Hamlet in Saskatchewan, Canada

Arlington Beach is a hamlet in the Canadian province of Saskatchewan. It is located on the eastern shore of Last Mountain Lake, north-west of Regina. Listed as a designated place by Statistics Canada, the hamlet had a population of 39 in the Canada 2006 Census.

Arlington Beach is home to a large camp and conference centre that hosts groups from all over Western Canada. Its main complex is the Kinney Memorial Lodge which features multiple meeting rooms, guest rooms, and a large dining hall. The hamlet is also home to the historic Arlington Beach House.

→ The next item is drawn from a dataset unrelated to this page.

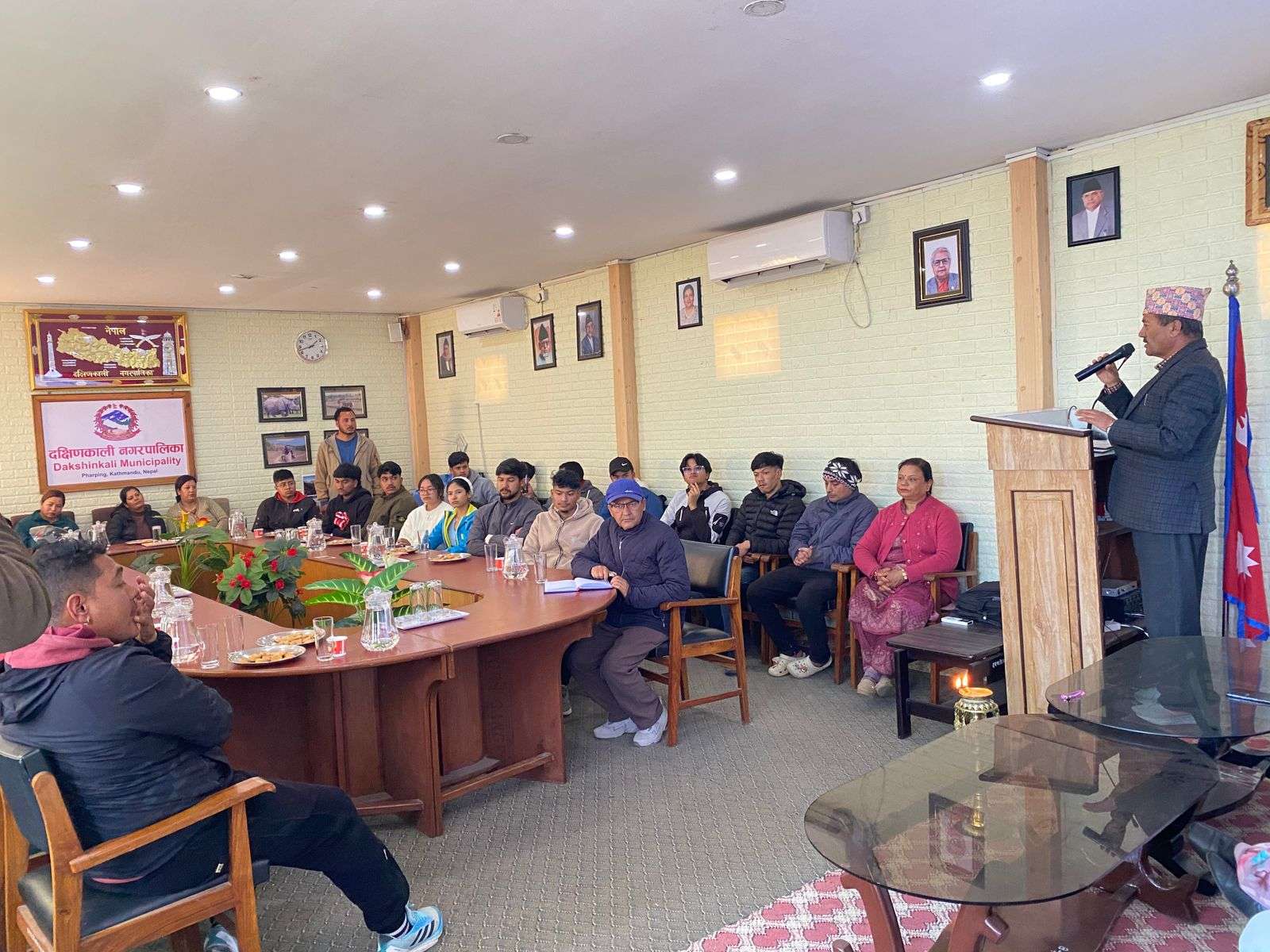 काठमाडौं। दक्षिणकाली नगरपालिकाले युवालाई स्वरोजगारमुखी तथा दक्ष जनशक्ति उत्पादन गर्ने उद्देश्यले सूचना प्रविधि आईटी सम्बन्धी तालिम सुरू गरेको छ। जेनिस सोलुसन प्रालिसँगको सहकार्यमा शुक्रवार नगरपालिकाको हलमा तालिमको समुद्घाटन गरिएको छ । तालिमको उद्घाटन सत्रमा मेयर मोहन बस्नेत, उपमेयर बसन्ती डंगोल तामाङ, प्रमुख प्रशासकीय अधिकृत राममणी काफ्ले, शिक्षा शाखा प्रमुख लक्ष्मण दाहाल, शाखा अधिकृत गिरीराज खनाल लगायत जेनिस सोलुसनका उपाध्यक्ष अमित जोशी तथा प्रशिक्षार्थीहरुको उल्लेख्य सहभागीता थियो ।

Right beside the Beach House is a mini-golf course and the local marina. This serves not only Arlington Beach but also allows for sheltered access and boat launches to Last Mountain Lake for the surrounding communities.

==History==
The Arlington Beach House was built at Arlington Beach in 1910 where it was the centre of activity for the William Pearson Land Company. Customers were brought from all over Last Mountain Lake by early steam ships that steamed up and down the lake before the railroad came to the region in the early part of the 20th century.

Business was boosted by the early steam ship, the Welcome, which started business on Last Mountain Lake in 1905. In 1907, the Qu'Appelle, an eight crew steamer that could accommodate 200 people, made the run up and down the lake until 1913.

== Demographics ==
In the 2021 Census of Population conducted by Statistics Canada, Arlington Beach had a population of 38 living in 22 of its 72 total private dwellings, a change of from its 2016 population of 20. With a land area of 0.5 km2, it had a population density of in 2021.

==Arlington Beach House==
Arlington Beach House was very popular and was declared by visitors to be one of the coziest resort hotels in Saskatchewan. Visitors from Eastern Canada compared it favourably to their favourite watering holes back home and Arlington Beach became known as a great place to swim, fish, and boat.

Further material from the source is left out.